Background: Plant inducible immunity includes the accumulation of a set of defense proteins during infection called pathogenesis-related (PR) proteins, which are grouped into families termed PR-1 to PR-17. The PR-5 family is composed of thaumatin-like proteins (TLPs), which are responsive to biotic and abiotic stress and are widely studied in plants. TLPs were also recently discovered in fungi and animals. In the poplar genome, TLPs are over-represented compared with annual species and their transcripts strongly accumulate during stress conditions.

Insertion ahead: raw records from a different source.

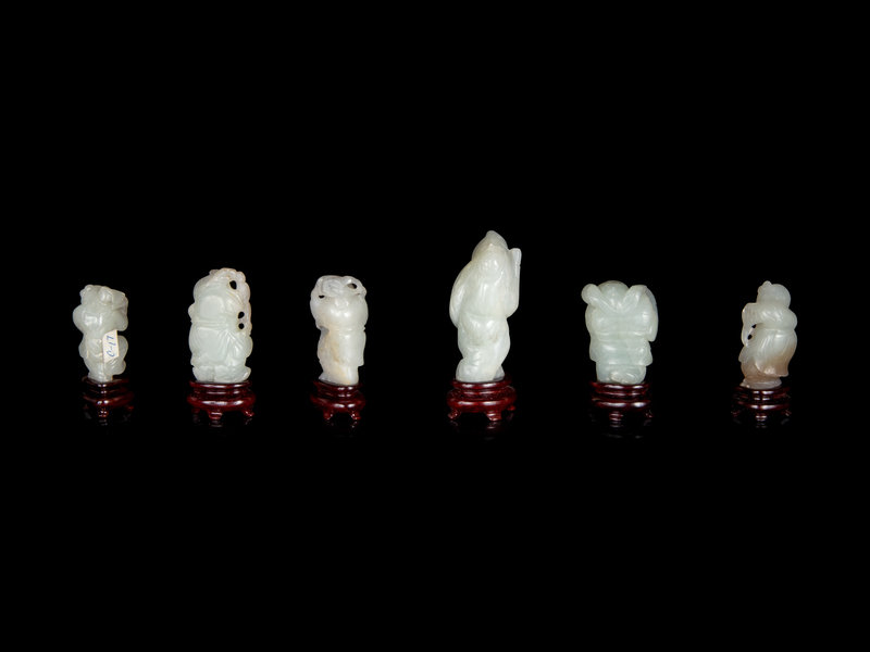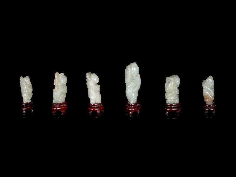 each depicted standing, carrying large floral sprays, raised on a fitted hardwood stand.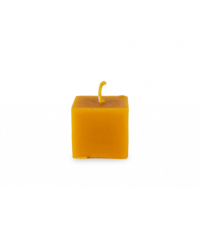 Świeczka w kształcie kostki z naturalnego wosku pszczelego.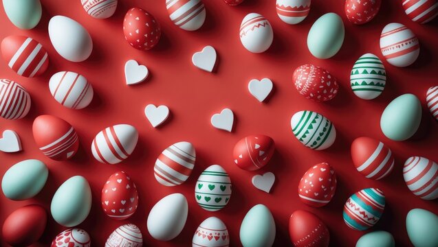 Bright red backdrop with scattered red and white Easter eggs, flat lay top view with copy space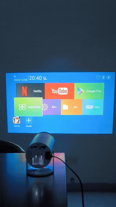 - Modo Smart TV (Cine): Utiliza la interfaz nativa Android del proyector para ver películas o series en Netflix y YouTube, convirtiendo cualquier pared en un cine.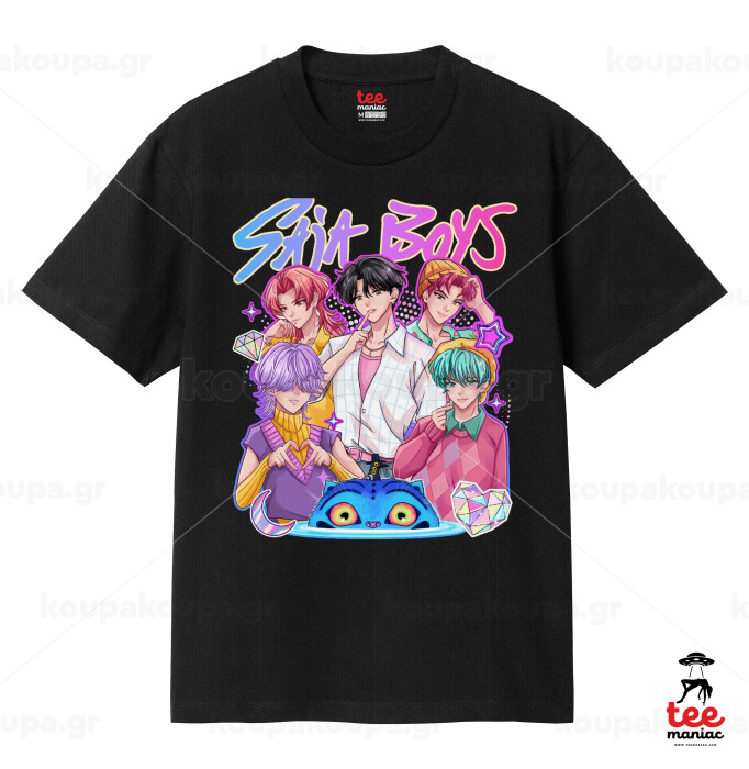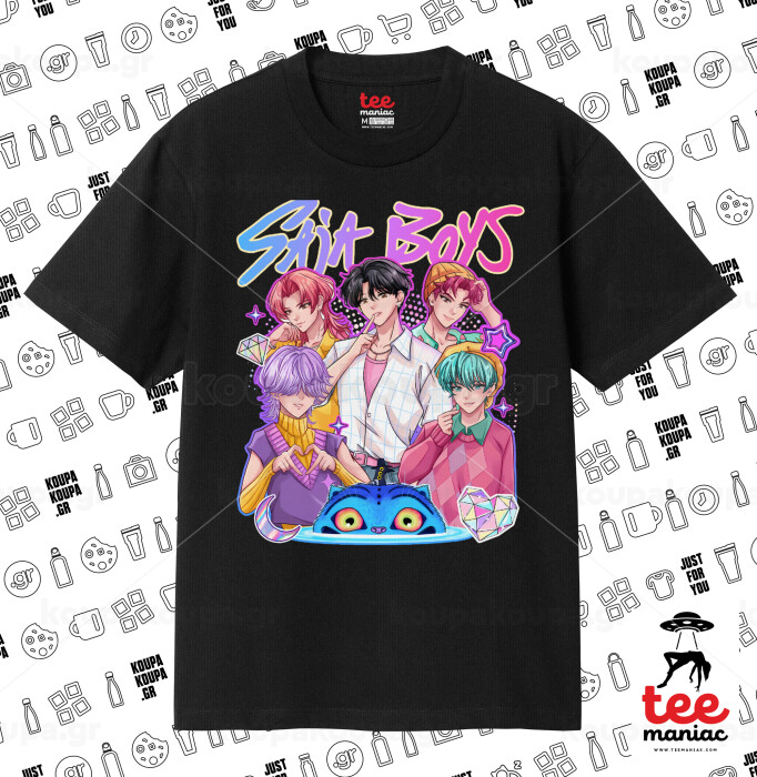 Huntrix Saja Boys, Κλασικό T-Shirt, διπλής ραφής, χωρίς πλευρικές ραφές ΜΑΥΡΟ από 100% βαμβάκι. Vegan & OEKO-TEX πιστοποιημένο.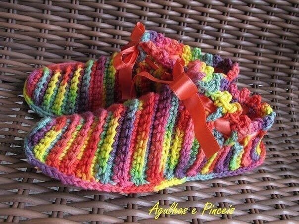 Такие тапочки особенно красивыми получатся из пряжи с градиентным переходом цветов.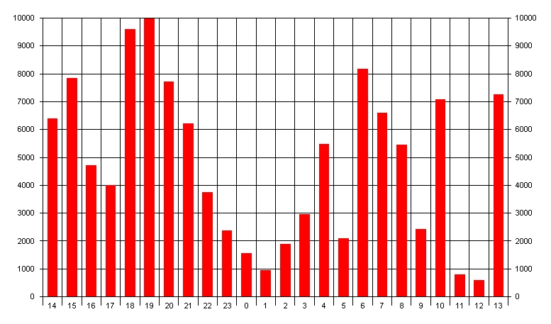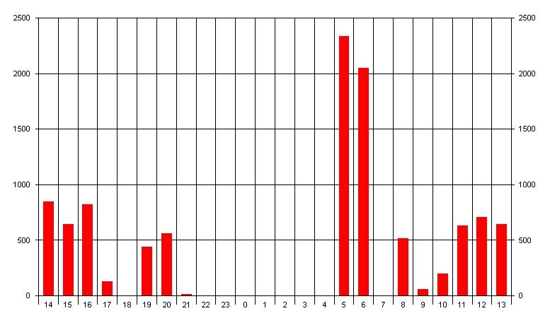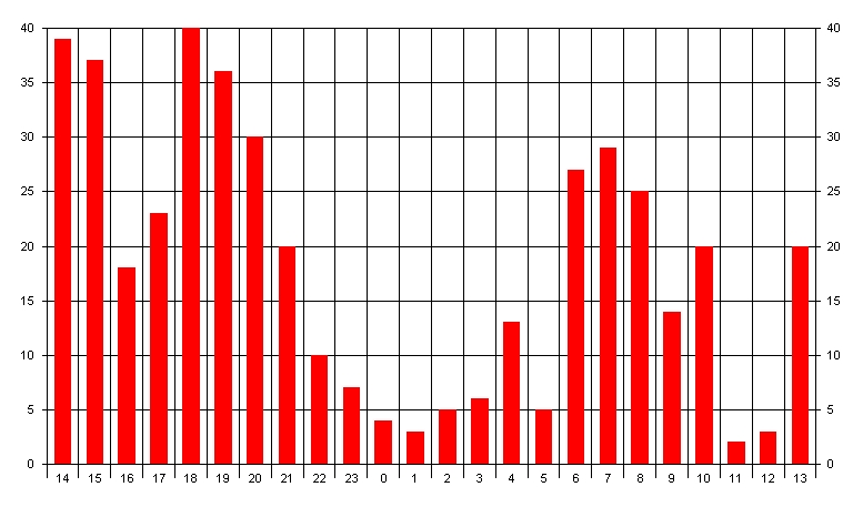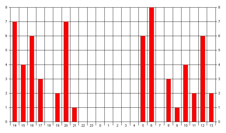 QSOs nach Zeit im Mai 2007 auf 144MHz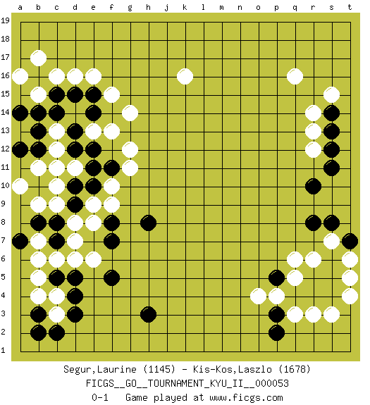 Last move : 0-1 2015 January 11 15:41:22 [Event "FICGS__GO__TOURNAMENT_KYU_II__000053"] [Site "FICGS"] [Date "2014.10.12"] [Round "1"] [Black "Segur,Laurine"] [White "Kis-Kos,Laszlo"] [Result "0-1"] [Rating 1 "1145"] [Rating 2 "1678"] 1.d4 q16 2.q4 d16 3.h3 r6 4.r8 r3 5.r4 q3 6.p3 s3 7.p2 p4 8.s4 q5 9.p5 o4 10.r5 q6 11.s6 t4 12.s5 s7 13.t7 t5 14.s8 t6 15.s11 r13 16.s13 r14 17.s14 r12 18.s12 s15 19.r10 k16 20.c8 c3 21.d3 c4 22.c5 b5 23.c2 c6 24.d5 b7 25.b3 b4 26.b2 d6 27.c7 c10 28.b8 e6 29.a7 b6 30.f8 e8 31.d9 e9 32.d10 c12 33.e10 f9 34.f7 d8 35.h8 f10 36.e12 c9 37.f5 g12 38.d12 c13 39.f11 g11 40.c11 b11 41.b10 d11 42.e11 c11 43.e14 g14 44.d15 e16 45.c15 c16 46.b16 b17 47.d13 f15 48.c14 b9 49.b13 b15 50.e15 f13 51.b12 a10 52.a14 a16 53.b14 e13 54.a12 d7 0-1 Here are the names of the openings (joseki) played in the four corners : Corner q4 : q4 r6 Hoshi (Hwajeom, Seongjeom, Xingwei`) 4-4 Point. The star or hoshi (4-4) point, emphasizing influence at the potential expense of territory. Ikken Kakari (Hankan Keolch'im, Yi Gua`jiao~, 1-Space Low Approach). White 2 is the standard approach move to the 4-4. Corner q16 : q16 s11 Hoshi (Hwajeom, Seongjeom, Xingwei`) 4-4 Point. The star or hoshi (4-4) point, emphasizing influence at the potential expense of territory. Player White won this Go (weiqi, baduk) game. Follow this game move after move (download)Very few good moves are played. (Pierre Audouard) The best teachers teach from the heart, not from the book. (Author unknown)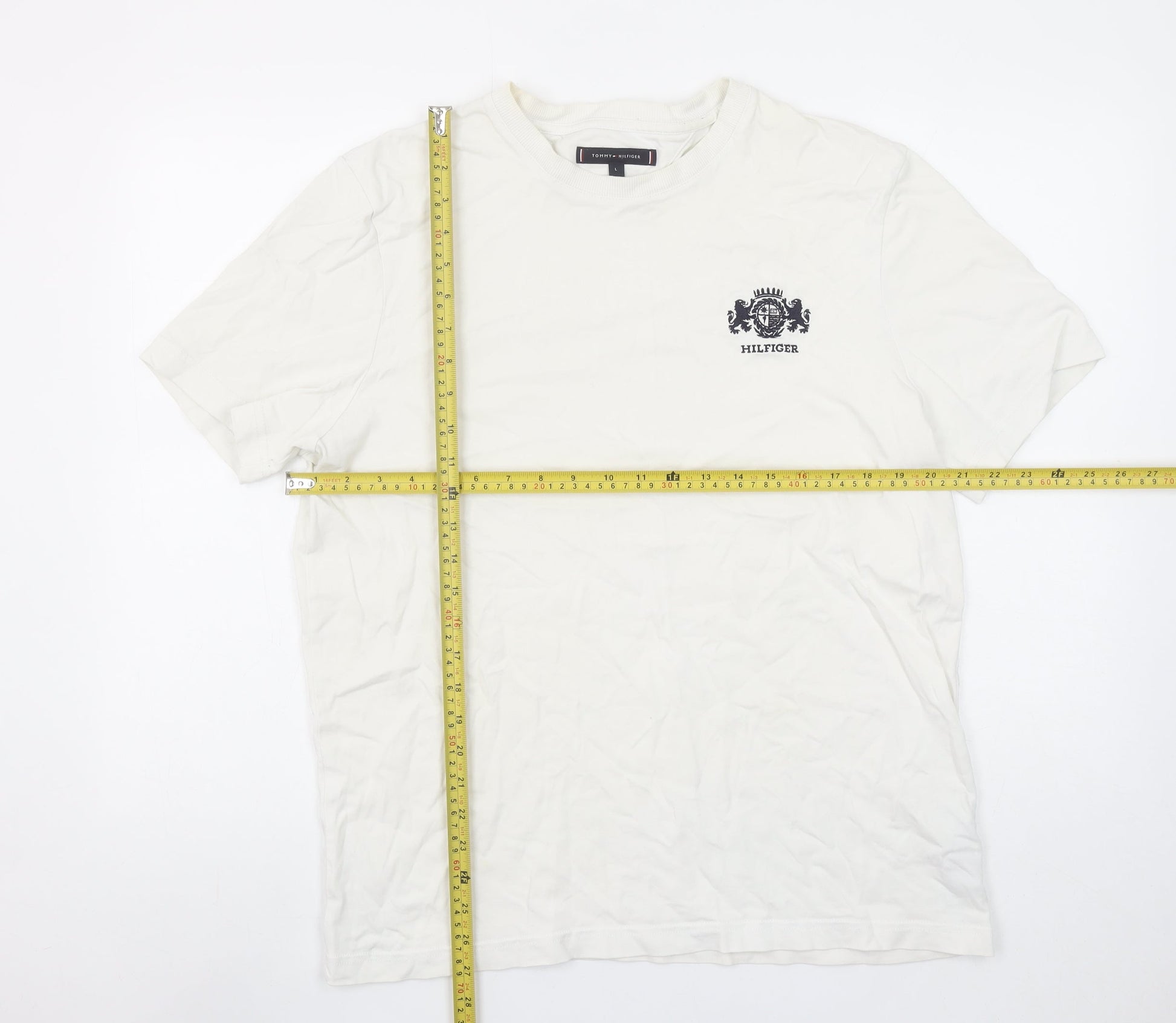 Tommy Hilfiger Men's White Cotton Regular Fit Logo T-Shirt L

Results: Our analysis of the poplar TLP family suggests that the expansion of this gene family was followed by diversification, as differences in expression patterns and predicted properties correlate with phylogeny. In particular, we identified a clade of poplar TLPs that cluster to a single 350 kb locus of chromosome I and that are up-regulated by poplar leaf rust infection. A wider phylogenetic analysis of eukaryote TLPs - including plant, animal and fungi sequences - shows that TLP gene content and diversity increased markedly during land plant evolution. Mapping the reported functions of characterized TLPs to the eukaryote phylogenetic tree showed that antifungal or glycan-lytic properties are widespread across eukaryote phylogeny, suggesting that these properties are shared by most TLPs and are likely associated with the presence of a conserved acidic cleft in their 3D structure. Also, we established an exhaustive catalog of TLPs with atypical architectures such as small-TLPs, TLP-kinases and small-TLP-kinases, which have potentially developed alternative functions (such as putative receptor kinases for pathogen sensing and signaling).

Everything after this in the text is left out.